Is this what modern candidates and political consultancy has come to?
As Arizona holds its State GOP Convention this Saturday in Tempe we should ask ourselves is it time for a change?
For nearly thirty years Republicans have been wedded to this model. It’s boring and increasingly ineffectual.
Interestingly, there have been detours. And they have been successful.
George W. Bush developed his own “compassionate conservative” vernacular and won an election he was not expected to in 2000.
There was John McCain in the primaries that same year riding his railings against the campaign finance system to an upset victory in New Hampshire.
Mitt Romney didn’t really develop anything new on the message front. He was boring. And lost.
We see glimpses of a new agenda from Rand Paul and Paul Ryan.
But as we look to the future a voice from the past, perhaps even more hopeful and innovative than Reagan himself can serve as a model.

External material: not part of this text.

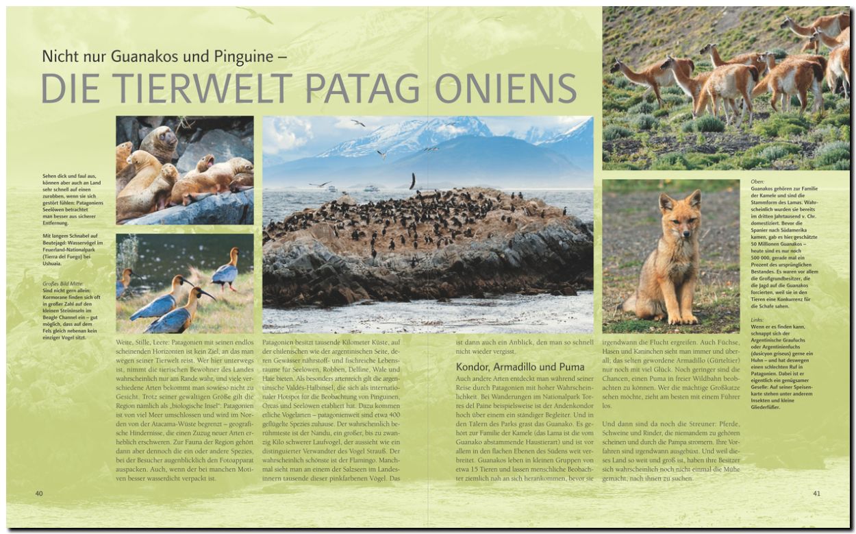 Über 240 Bilder zeigen Patagonien in seiner ganzen Vielfalt. Sechs Specials berichten über Kap Hoorn - das stürmischste Eck der Welt, die Nationalparks, die gewaltigen Gletscher, den Mythos Patagonien, die einzigartige Tierwelt und die Geschichte der Entdeckung.

He was Jack Kemp. He of Buffalo. He of the inner city message. He who took that message to the most challenged places believing there was so much more that Republicanism could deliver than the blame game and clever defeatism offered by the opposing party.
So where is our Jack Kemp, in Arizona or across the country? Who among a strong crop of 2014 GOP gubernatorial candidates will capture imagination by proposing creatively and differently?
From schools to AIDS to the underprivileged to solar to crime to drugs to tourism to so many issues a re-imagined Republican philosophy could remain faithful to the faithful yet ignite passion from new constituencies.
If only someone could see the need and value of driving the debate rather than just following it with complacent consultants and the political industrial complex of pollsters. The good news is that someone will.